Dans un supermarché de Lausanne, je fais une rencontre troublante. Le magasinier qui achalande les produits frais au rayon légume est un double irréprochable de ce professeur des écoles avec qui j’ai eu l’an dernier des démêlés judiciaires. Je fais un pas de côté, l’observe: la coup de cheveux est identique, et la ligne du menton, les oreilles, la tombée des épaules. D’ailleurs, le sentiment ne tient pas seulement aux traits physiques. Une attitude morale, celle du moins que l’on infère de ces particularités, complète le sentiment de gémellité. Je m’approche, cherche un démenti, n’en trouve pas: la ressemblance est confondante. Ainsi peut-on imaginer qu’il existe pour certain types, des répliques. Je dis “certains” car le travail de sculpture mentale que réalisent les esprits forts sur la nature qui leur échoit me semble propre à les individualiser; tirés de la glèbe commune, ils s’en écartent bientôt. Mais l’affaire des doubles ne s’arrête pas là.

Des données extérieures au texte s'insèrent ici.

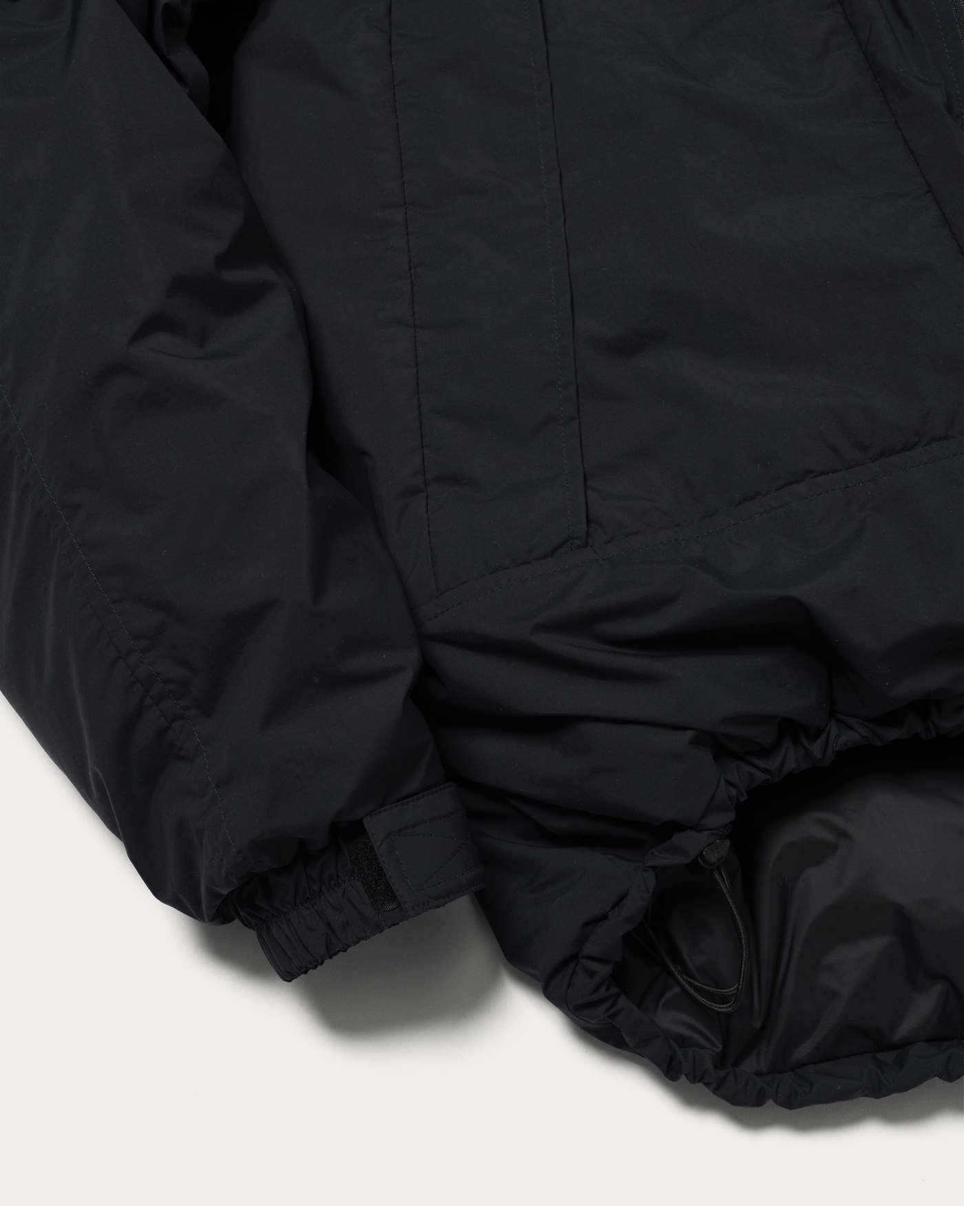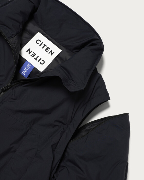 ショートタイプのモンスターパーカーから着想を得て現代的なパターンとディテールで別注したダウンジャケット。オリジナルカラーで染め上げた北陸の合繊生地メーカー「コマツマテーレ」社製の撥水機能付きのナイロン素材を採用。ダウンには800フィルパワーのホワイトダックダウンをふんだんに使用し、ボリューミーな見た目に反して実用性のある軽さが特徴です。

Il y a, il y aurait, par delà les ressemblances physiques, des caractères répétés. Constat singulier que j’ai fait début février. Un lundi, je suis à Trat, province de Trat, en Thaïlande. Comme Gala ferme la porte et confisque la clef de la chambre d’hôtel si j’annonce aller chez les coiffeur (elle craint que je ne me rase la tête), je sors en catimini, enfourche la moto et me rends dans la banlieue de l’ancien aéroport. A mon entrée, le cabinet de coiffure est vide. Des bruits viennent d’une salon privé qui s’ouvre en coulisse. Je m’installe sans mot dire. Survient au bout de quelques minutes une femme pimpante et menue. Elle me passe la blouse, me caresse la tête, réfléchit à ma demande, semble acquiescer et se met au travail. Virevoltant autour du siège pendant l’exercice, elle ne cesse de ma parler comme parlerait une amante à son amant, d’une voix douce, musicale, riante, devinant que je ne comprends rien, poursuivant avec une joie gracieuse, sensuelle, presque indécente qui tranche avec les ordres qu’elle donne à sa fille, collégienne boutonneuse, que ce soit (je saisis au moment où l’instrument change de main): “le ciseau!”, “la brosse!” ou “le vaporisateur!“
Deux jours plus tard, j’attends sur le quai de la gare de Sierre le train pour Viège. Une femme de la même taille, accompagnée d’un homme que je ne vois pas (j’essaie de me le remémorer plus tard, lorsqu’elle m’en parle). Quand le train entre en gare, elle est seule avec une valise trop lourde. Je propose mon aide, hisse le bagage, vais m’installer. La femme me rejoint, s’assied dans la compartiment voisin, puis hissée sur la banquette, m’adresse la parole. Peu après, elle est à mon côté, me confie la garde de sa valise, va nous chercher un café et me raconte sa vie en Allemagne, à Cologne, où elle est secrétaire, ses vacances de grimpe à Crans, son envie de se rendre en Turquie, et en vient à me suggérer des villes où élire domicile en Bavière. Elle est toute différente de la thaïlandaise de Trat: blonde l’une, foncée l’autre, les yeux bleus pour l’une, foncés pour l’autre, mais, par la grâce, le volubile de la conversation, la façon de minauder, de se confier, de rouler des regards, c’est la même femme.